Individually, Marc Bolland, boss of supermarket group Morrisons, has benefited from the pressure Marks & Spencer has come under from shareholders – who across the listed market feel they must be more challenging in the wake of the downturn – to secure a successor to Sir Stuart Rose. Mr Bolland will take that role next year. At ITV, meanwhile, succession planning remains in flux, though the broadcaster has finally found a new chairman. Former Asda boss Archie Norman is to succeed Michael Grade.
Stock market investors, too, are smiling again. Anticipating good news – and seemingly oblivious to its non-arrival – the FTSE 100 index has risen almost 50 per cent after hitting a six-year low of 3,600 in March. The gold price has hit a series of all-time highs while oil is climbing again, too – up above $70 a barrel having started the year at $45. Even house prices are recovering: they may end 2009 higher than they began.
With the return of market confidence – though economists wonder if new asset price bubbles have been created by the Bank's £200bn of QE – has come renewed interest in wheeling and dealing.
Orange and T-Mobile are to merge their UK businesses, while a deal between British Airways and Spain's Iberia has been cleared for take-off. Kraft is pursuing Cadbury, though a campaign is under way to prevent the chocolatier – with all its origins in 19th-century philanthropy – being sold to the Americans. Rio Tinto almost sold a chunky stake in its business to the Chinese (causing a minor diplomatic row when it changed its mind at the last minute) and is now pursuing a huge joint venture with another mining giant, BHP Billiton.

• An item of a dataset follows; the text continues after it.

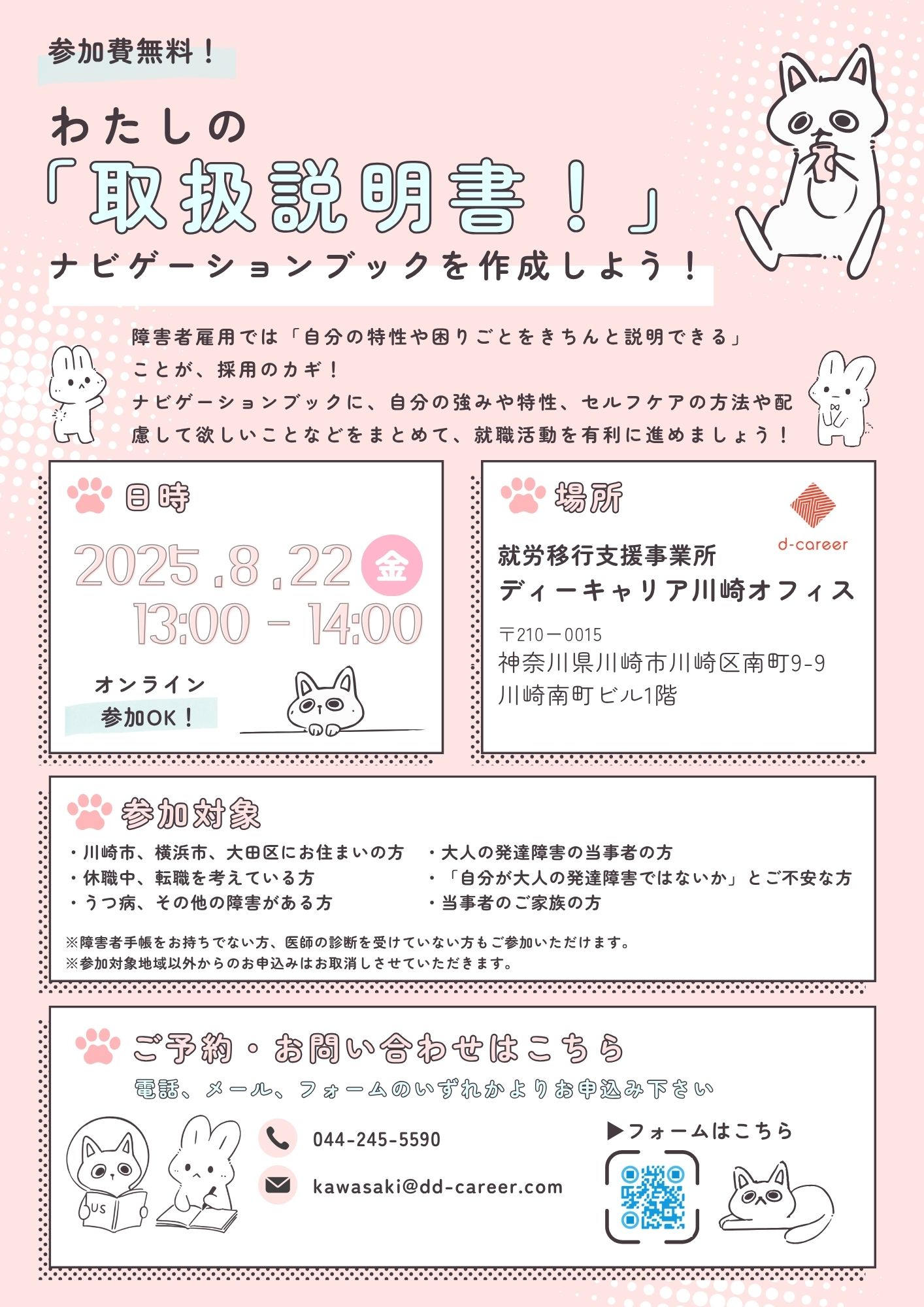【ディーキャリア川崎オフィス】8月22日(金)<地域限定:川崎市、横浜市、大田区にお住まいの方対象>「わたしの『取扱説明書!』ナビゲーションブックを作成しよう!」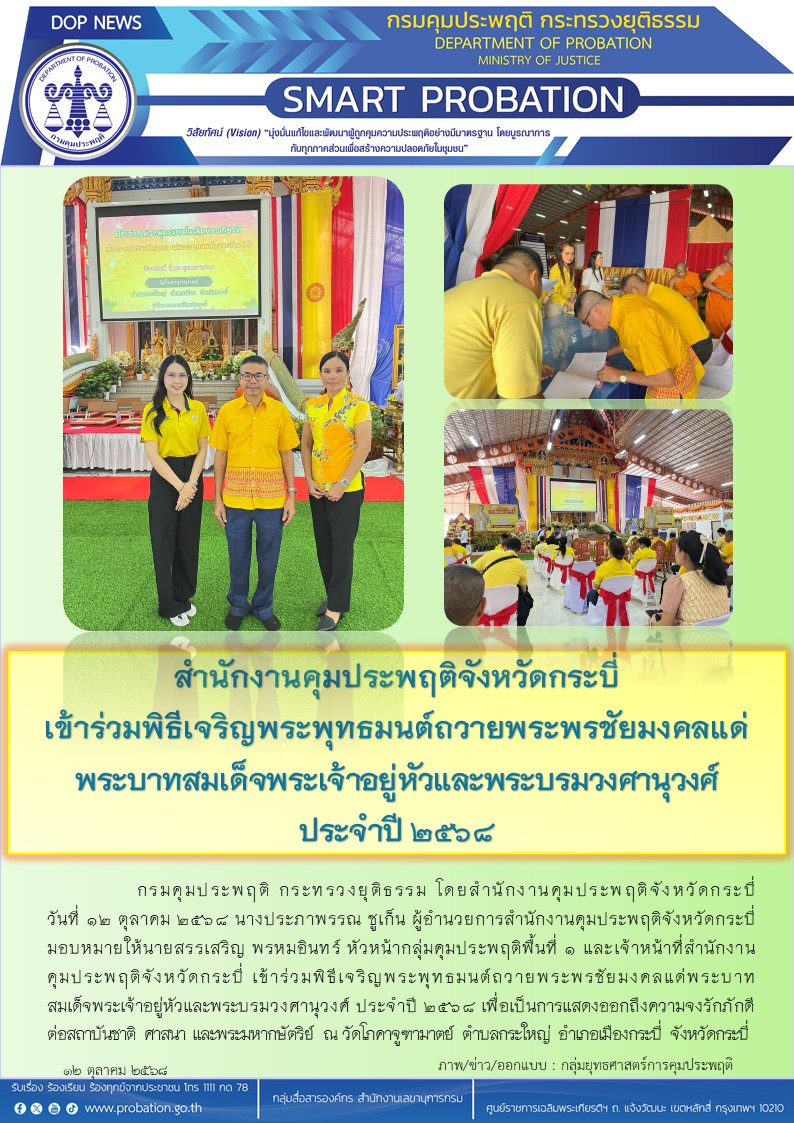 สำนักงานคุมประพฤติจังหวัดกระบี่ เข้าร่วมพิธีเจริญพระพุทธมนต์ถวายพระพรชัยมงคลแด่พระบาทสมเด็จพระเจ้าอยู่หัวและพระบรมวงศานุวงศ์ ประจำปี 2568

And yet the black clouds persist, not least on the UK high street. A weathervane of consumer confidence, it continues to see high-profile casualties. The last Woolworths stores shut their doors as the year began, but the retailer was far from the last hit by this recession. Land of Leather, Icelandic retail chain Baugur, Waterford Wedgwood and Threshers have all slipped into trouble this year.
The fear of further financial crises has not entirely receded either. In November, the state-backed Dubai World announced it wanted six months' grace to restructure £4bn of debts, prompting a global panic about the extent to which the banking system is exposed to the hugely indebted emirate. Greece and Ukraine are sliding further towards financial meltdown, too. And there is always the terror that recessions expose hitherto unsuspected criminality. In the famous words of Warren Buffett: "You only find out who has been swimming with no trunks on when the tide goes out."
Enter Bernard Madoff. Over almost 50 years, the financier built a reputation as one of Wall Street's leading lights, a brilliant investment manager and an upstanding corporate citizen who even sat on the board of at least one securities regulator. His brilliant career earned him a personal fortune estimated to have been worth more than $800m.
And then, as markets tumbled in the wake of the worldwide financial crisis, Madoff's clients began seeking access to their cash in unprecedented numbers. The elaborate pyramid scheme Madoff had operated for years could not cope, forcing him to confess to the world's largest ever financial fraud. Some $18bn is still missing according to the Securities and Exchange Commission.
In May, Madoff was sentenced to 150 years in prison after pleading guilty to 11 counts of fraud. He also joined the ever-growing list of former financial superstars who have suddenly had to learn a new word. "I have left a legacy of shame, as some of my victims have pointed out, to my family and my grandchildren," he said. "This is something I will live in for the rest of my life. I'm sorry."